The rules received an overwhelming majority of 590 votes in favour, compared to 15 votes against and 15 abstentions. These measures were proposed earlier this year as a way boost the repairs industry as well as encourage more sustainable consumption among EU citizens.
The draft legislation will let consumers choose to repair rather than buy, even after the warranty of their product expires.
The rules will make sellers prioritise repair during the statutory warranty period if it is cheaper or equal in cost to replace a product, unless repair is not feasible or is “inconvenient” for the consumer. MEPs have also proposed extending the legal guarantee for one year after a product has been repaired.
The products that can be repaired include smartphones and various household appliances such as vacuum cleaners and washing machines.

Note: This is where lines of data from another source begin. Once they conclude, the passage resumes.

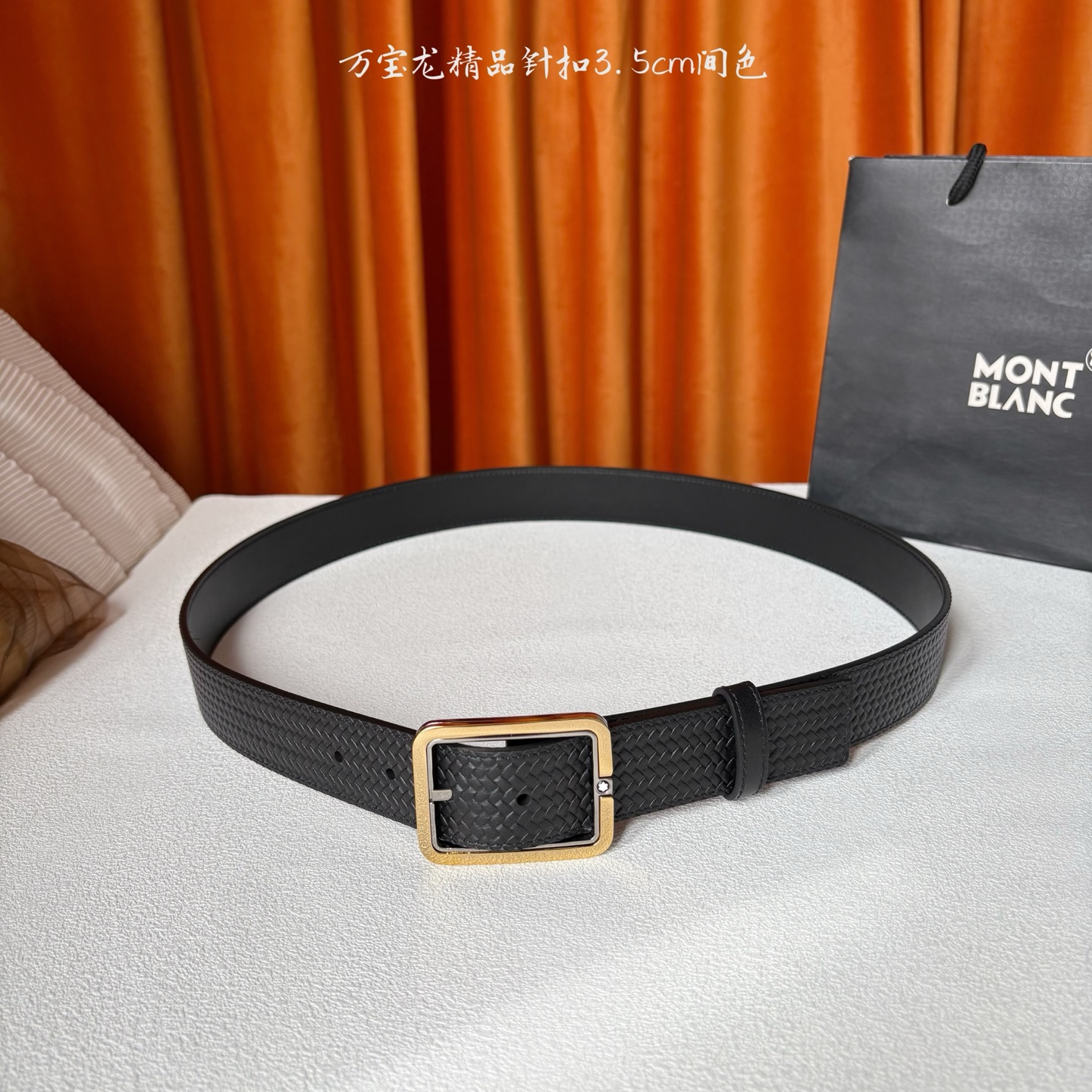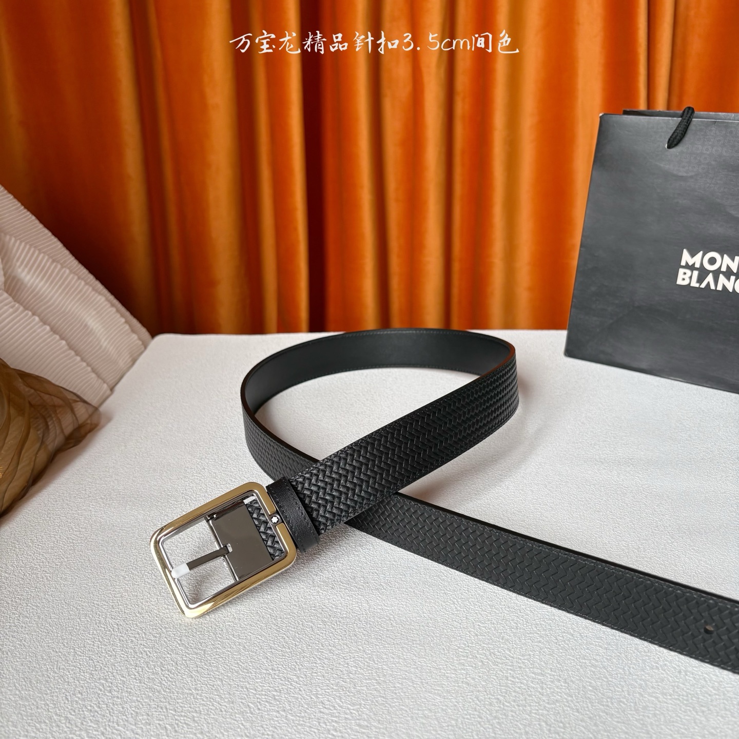 Montblanc exudes elegance and sophistication with imported calfskin and solid brass details. Essential for men, width: 3.5cm.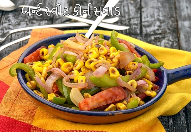 બર્ન્ટ સ્વીટ કોર્ન સલાડ | અમેરિકન બળેલા મકાઈનો સલાડ | સરળ શેકેલા મકાઈનો સલાડ | બળેલા મકાઈનો સલાડ | burnt sweet corn salad recipe
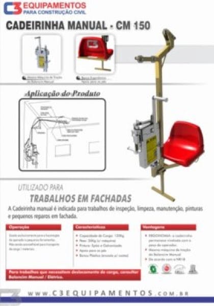 The Manual Hanging Chair or "Individual Rocker" is a simple equipment, but it offers much convenience and safety to its user when working at heights. There are two models, one using ropes and one with wire rope. C3 Equipamentos sells only the model that uses wire ropes because it is safer.

These rules also aim to reduce the costs associated with repair and the lack of available repair services, which the European Parliament said may discourage consumers from taking this option. The goal is to ensure that repairers and consumers have access to all spare parts, repair information and tools at a reasonable cost.
The draft legislation proposes setting up digital platforms help consumers find local repair shops and refurbished product sellers in their area. MEPs also propose offering vouchers and other financial incentives to consumers through national repair funds.
Speaking on the result, rapporteur René Repasi, MEP, said parliament is responding “directly” to the demands of consumers.
“People want to extend the lifespan of their devices, but it’s often too expensive or difficult,” Repasi said. “We have put in place a number of measures to encourage consumers to opt for repair rather than replacement, with a particular focus on supporting independent repairers and establishing financial incentives.”
The European Council is expected to adopt its own negotiating position tomorrow (22 November). After this, it will negotiate with the European Parliament, with a first meeting scheduled for 7 December.
“We hope that the Council will adopt its position soon, so that we can start negotiations to turn these measures into legislation and pave the way for a truly circular European economy,” Repasi said.